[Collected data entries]
● ● ●

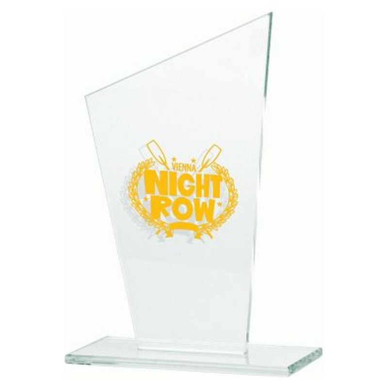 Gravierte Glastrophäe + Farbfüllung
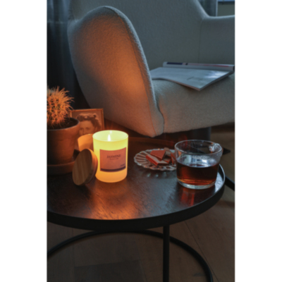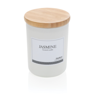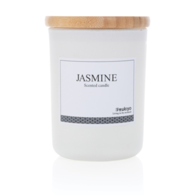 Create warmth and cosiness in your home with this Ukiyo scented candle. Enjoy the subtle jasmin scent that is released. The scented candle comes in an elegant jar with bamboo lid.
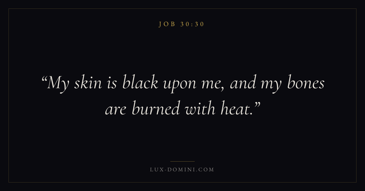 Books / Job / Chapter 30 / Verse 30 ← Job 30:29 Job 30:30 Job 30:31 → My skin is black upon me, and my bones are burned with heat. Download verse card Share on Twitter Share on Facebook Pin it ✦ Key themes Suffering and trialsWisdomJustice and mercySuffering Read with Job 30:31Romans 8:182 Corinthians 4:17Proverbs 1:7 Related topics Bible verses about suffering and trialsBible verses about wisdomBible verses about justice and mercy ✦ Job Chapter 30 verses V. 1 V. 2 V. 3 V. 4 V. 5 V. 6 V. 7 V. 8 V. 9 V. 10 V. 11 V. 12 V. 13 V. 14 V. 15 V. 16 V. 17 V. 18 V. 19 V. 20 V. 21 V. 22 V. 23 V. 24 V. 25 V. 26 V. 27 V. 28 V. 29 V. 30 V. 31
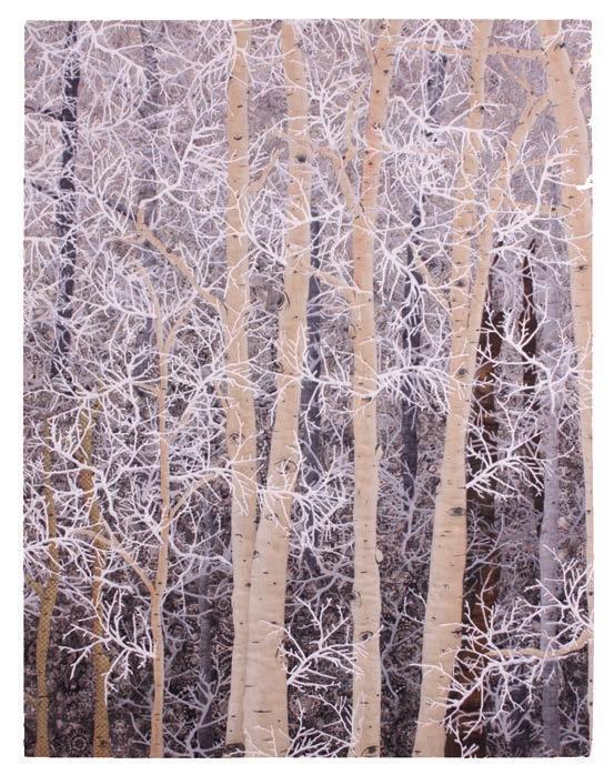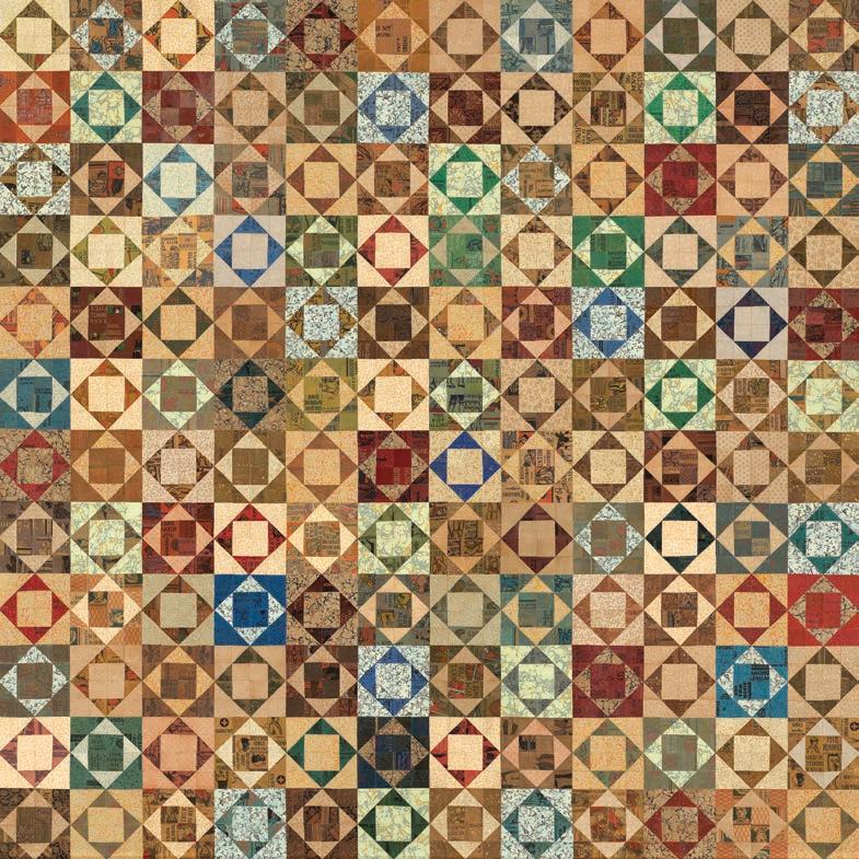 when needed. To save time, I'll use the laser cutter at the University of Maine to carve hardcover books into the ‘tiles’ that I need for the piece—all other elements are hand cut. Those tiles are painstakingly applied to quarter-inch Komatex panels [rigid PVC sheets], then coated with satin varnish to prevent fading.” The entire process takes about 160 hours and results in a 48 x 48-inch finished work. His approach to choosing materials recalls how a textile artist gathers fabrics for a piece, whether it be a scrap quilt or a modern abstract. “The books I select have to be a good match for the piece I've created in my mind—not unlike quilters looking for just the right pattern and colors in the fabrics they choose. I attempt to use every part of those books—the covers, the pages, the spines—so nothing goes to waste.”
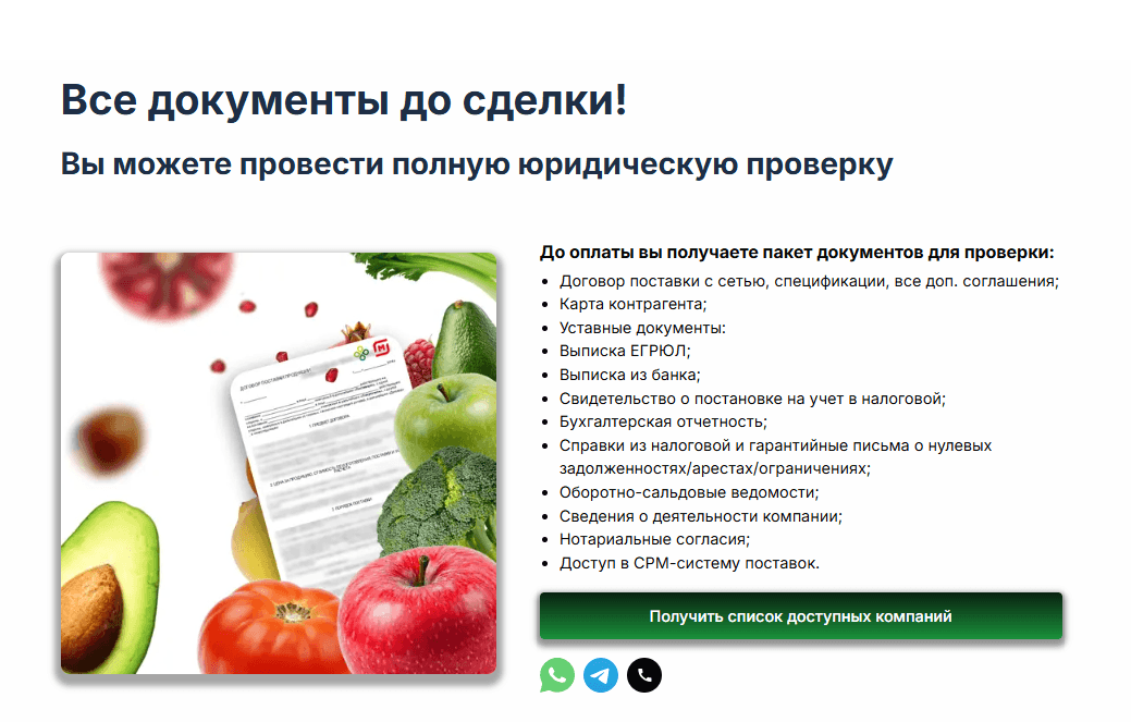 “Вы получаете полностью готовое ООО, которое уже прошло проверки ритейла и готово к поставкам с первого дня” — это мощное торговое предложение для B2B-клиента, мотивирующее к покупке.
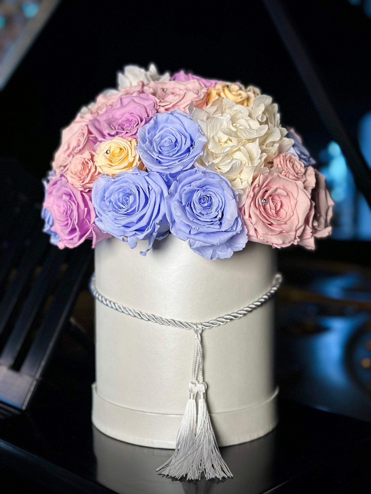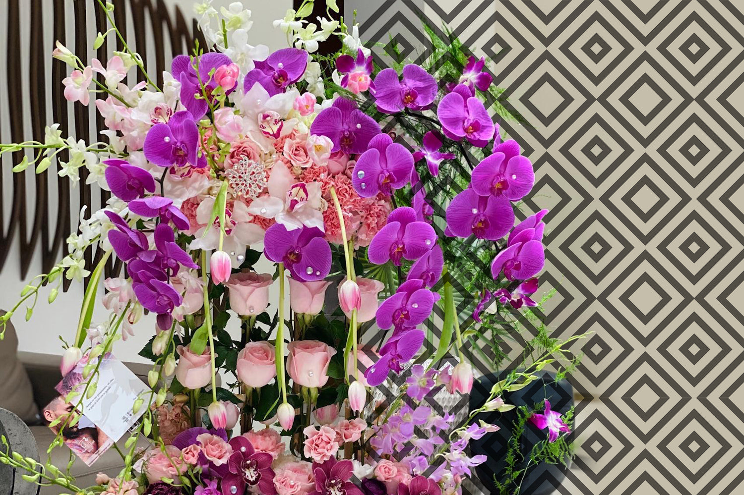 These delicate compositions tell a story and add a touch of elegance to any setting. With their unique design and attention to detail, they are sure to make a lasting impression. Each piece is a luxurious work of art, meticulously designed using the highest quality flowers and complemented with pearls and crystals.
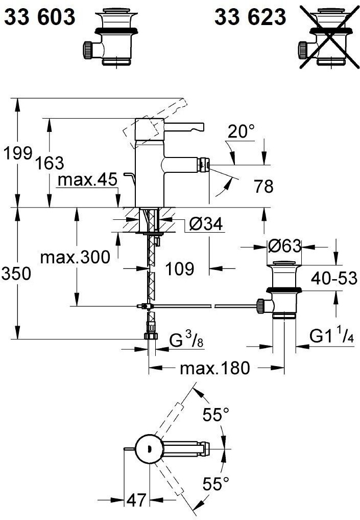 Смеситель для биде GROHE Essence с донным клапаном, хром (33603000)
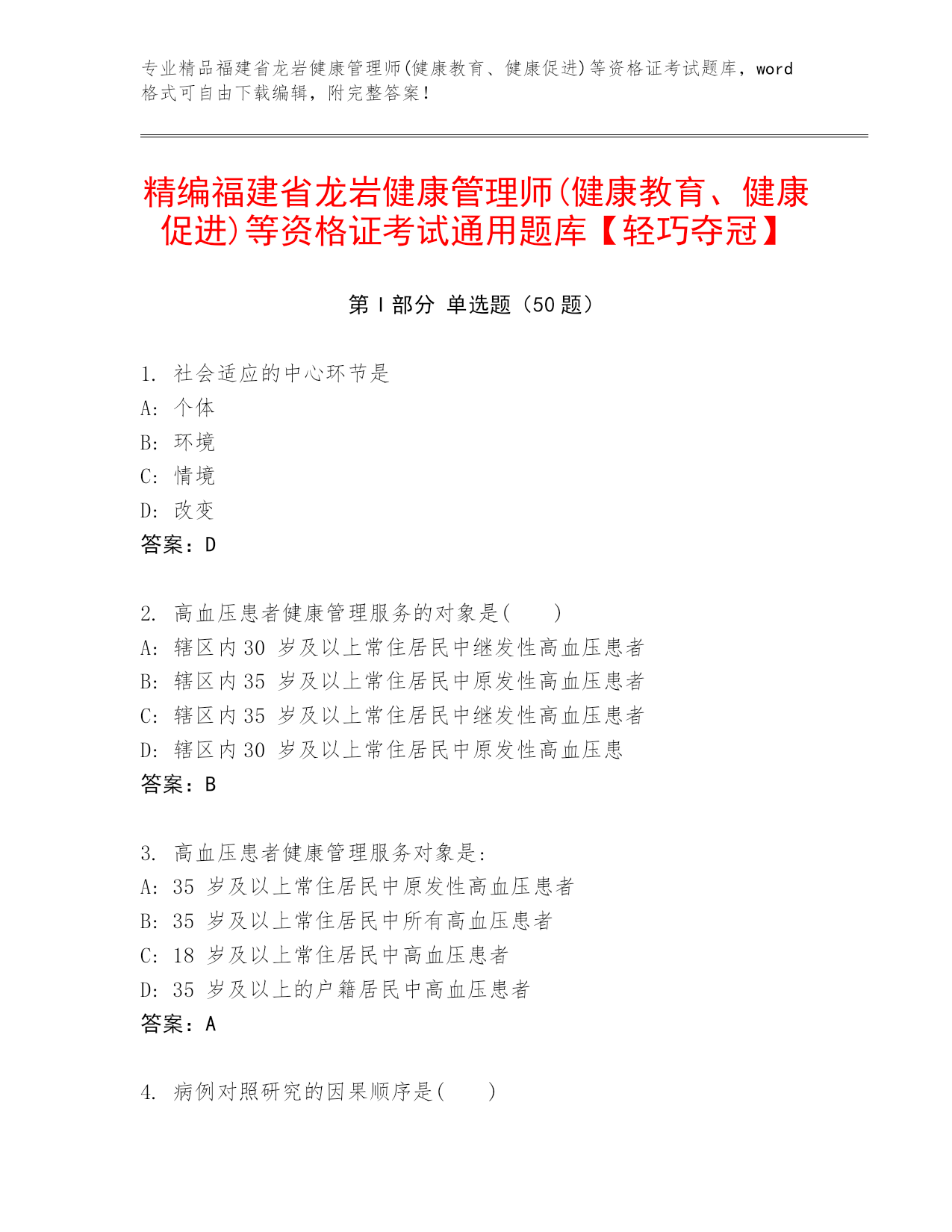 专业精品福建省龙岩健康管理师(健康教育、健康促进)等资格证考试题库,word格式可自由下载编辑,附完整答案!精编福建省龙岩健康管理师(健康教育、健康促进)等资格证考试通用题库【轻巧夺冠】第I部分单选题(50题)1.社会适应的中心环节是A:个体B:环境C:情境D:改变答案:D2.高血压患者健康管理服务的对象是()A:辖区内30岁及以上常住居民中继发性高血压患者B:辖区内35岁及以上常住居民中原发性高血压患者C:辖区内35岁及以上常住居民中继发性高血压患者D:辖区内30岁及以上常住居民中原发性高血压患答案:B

● ● ●

TASK ITEM: Produce an exact reprint of the entries, dropping the images.

FINISHED EXERCISE:
 Gravierte Glastrophäe + Farbfüllung
 Create warmth and cosiness in your home with this Ukiyo scented candle. Enjoy the subtle jasmin scent that is released. The scented candle comes in an elegant jar with bamboo lid.
 Books / Job / Chapter 30 / Verse 30 ← Job 30:29 Job 30:30 Job 30:31 → My skin is black upon me, and my bones are burned with heat. Download verse card Share on Twitter Share on Facebook Pin it ✦ Key themes Suffering and trialsWisdomJustice and mercySuffering Read with Job 30:31Romans 8:182 Corinthians 4:17Proverbs 1:7 Related topics Bible verses about suffering and trialsBible verses about wisdomBible verses about justice and mercy ✦ Job Chapter 30 verses V. 1 V. 2 V. 3 V. 4 V. 5 V. 6 V. 7 V. 8 V. 9 V. 10 V. 11 V. 12 V. 13 V. 14 V. 15 V. 16 V. 17 V. 18 V. 19 V. 20 V. 21 V. 22 V. 23 V. 24 V. 25 V. 26 V. 27 V. 28 V. 29 V. 30 V. 31
 when needed. To save time, I'll use the laser cutter at the University of Maine to carve hardcover books into the ‘tiles’ that I need for the piece—all other elements are hand cut. Those tiles are painstakingly applied to quarter-inch Komatex panels [rigid PVC sheets], then coated with satin varnish to prevent fading.” The entire process takes about 160 hours and results in a 48 x 48-inch finished work. His approach to choosing materials recalls how a textile artist gathers fabrics for a piece, whether it be a scrap quilt or a modern abstract. “The books I select have to be a good match for the piece I've created in my mind—not unlike quilters looking for just the right pattern and colors in the fabrics they choose. I attempt to use every part of those books—the covers, the pages, the spines—so nothing goes to waste.”
 “Вы получаете полностью готовое ООО, которое уже прошло проверки ритейла и готово к поставкам с первого дня” — это мощное торговое предложение для B2B-клиента, мотивирующее к покупке.
 These delicate compositions tell a story and add a touch of elegance to any setting. With their unique design and attention to detail, they are sure to make a lasting impression. Each piece is a luxurious work of art, meticulously designed using the highest quality flowers and complemented with pearls and crystals.
 Смеситель для биде GROHE Essence с донным клапаном, хром (33603000)
 专业精品福建省龙岩健康管理师(健康教育、健康促进)等资格证考试题库,word格式可自由下载编辑,附完整答案!精编福建省龙岩健康管理师(健康教育、健康促进)等资格证考试通用题库【轻巧夺冠】第I部分单选题(50题)1.社会适应的中心环节是A:个体B:环境C:情境D:改变答案:D2.高血压患者健康管理服务的对象是()A:辖区内30岁及以上常住居民中继发性高血压患者B:辖区内35岁及以上常住居民中原发性高血压患者C:辖区内35岁及以上常住居民中继发性高血压患者D:辖区内30岁及以上常住居民中原发性高血压患答案:B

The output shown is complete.